Encoding headaches from json

adklein23 · February 27, 2020, 4:21am

Hi, I'm trying to do some analysis on my Facebook Messages data, however I'm running into some encoding issues. Facebook allows you to download your data as .json files. I want to analyze some of the emojis and text used, but am having difficulties converting them. For example, in the raw .json file, I see:

{
  "messages": [
    {
      "sender_name": "Person 1",
      "timestamp_ms": 1572480435138,
      "content": "I\u00e2\u0080\u0099m assuming..",
      "type": "Generic"
    }
	]
}

When reading it into R, using jsonlite::fromJSON, it appears in the console like:

library(jsonlite)

dat <- fromJSON('example.json')
dat$messages$content

> dat$messages$content
[1] "Iâ\u0080\u0099m assuming.."

Is there an easy way to convert these weird characters. This one for example looks like it should be an apostrophe

I'm on a Windows machine using Rstudio if that matters at all

pieterjanvc · February 27, 2020, 12:42pm

Hi,

From what I read in a similar post, JSON does not allow \u to be part of its structure, so this file should be invalid. That's why it's not getting loaded properly

Maybe you can add an extra escape character to every \u in the file to prevent it from loading incorrectly.

Hope this helps,
PJ

adklein23 · February 28, 2020, 4:13pm

Thanks for the link. Since I don't control the creation of these json files, and there are many of them, I guess I'd need to write like a bash command to loop through them all and do a find/replace? Or is there a way I can do this processing within R?

pieterjanvc · February 28, 2020, 9:13pm

Hi,

You could do this in R, but I think the easier solution might be to see if you can change the type of JSON file. How did you download it? Is there any option to change the type of json or the encoding when downloading?

Here is a way to clean the JSON file:

library(jsonlite)
library(stringr)

#Clean JSON
cleanData = str_remove_all(
    readLines("test.json"),
    "\\\\u....")

write(cleanData, "test.json")

#Read clean JSON
data = fromJSON("test.json")

This will remove all the unicode, not replace it (as the unicodes provided in your example make no sense)

PJ

adklein23 · February 29, 2020, 10:44pm

It looks like facebook gives you the option of json or html for an export, but that's about it. I'm surprised a company like that would produce non-valid json code. I can see what the html files look like, but I figured json would be easier to parse.

I found this which might be related, but not sure how I can solve this in R?

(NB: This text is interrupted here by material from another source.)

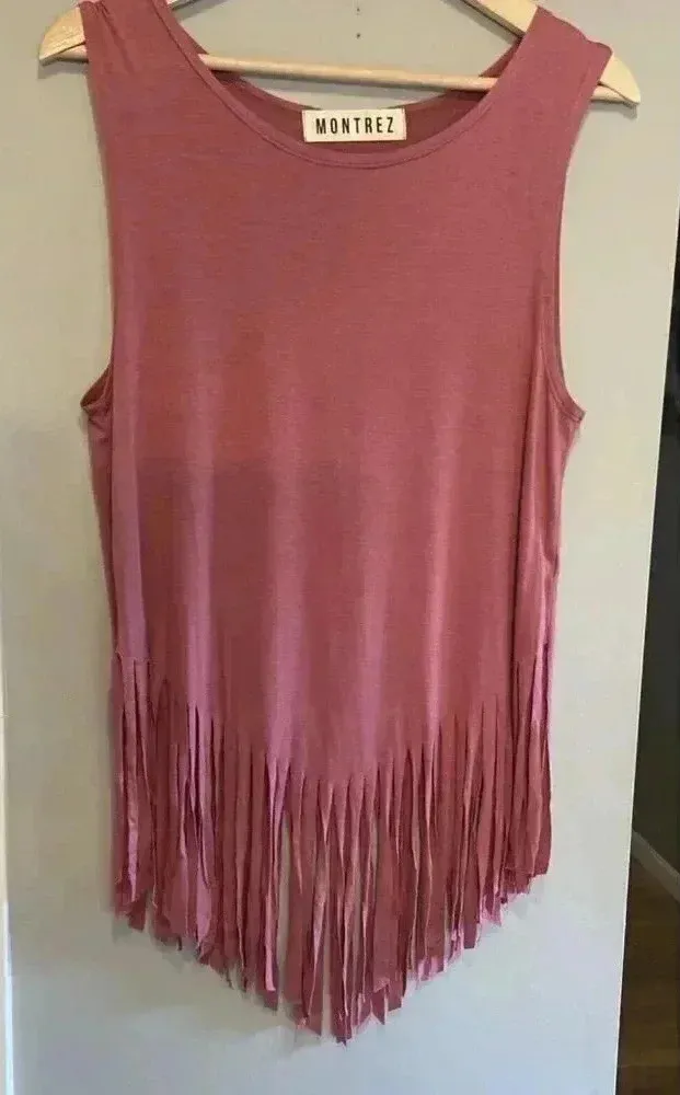 This Montrez tank top is a must-have for any bohemian-inspired wardrobe. The super soft fabric and fringe accents add a touch of effortless style to any outfit. The scoop neckline and tie closure make it easy to wear and the mauve pink color is perfect for any season. Available in size S/M, this tank top is a great addition to any collection. Sku#500

Thanks again for the suggestions

pieterjanvc · March 2, 2020, 12:19pm

Hi,

With this info, I was able to replace the incorrect unicode with the correct one, and it seems once fixed, R reads it like an apostrophe again:

library(jsonlite)
library(stringr)

#Clean JSON
cleanData = str_replace_all(
    readLines("test.json"),
    "\\\\u00e2\\\\u0080\\\\u0099", "\\\\u2019")

write(cleanData, "test.json")

#Read clean JSON
data = fromJSON("test.json")

> data$messages
  sender_name timestamp_ms        content    type
1    Person 1  1.57248e+12 I’m assuming.. Generic

If this is the only error, it should be fixed now, and there are no unicode characters removed.

PJ

adklein23 · March 2, 2020, 3:36pm

Hi PJ,
thanks so much for the example. Since that's not the only messy unicode, I'll just start working through and start replacing as needed as I encounter these.

I also found this thread on SO, so it looks like a known issue. Maybe I can use some of the code there via reticulate and do this at a systematic level.

Thanks,
Andrew

system · March 23, 2020, 3:36pm

This topic was automatically closed 21 days after the last reply. New replies are no longer allowed.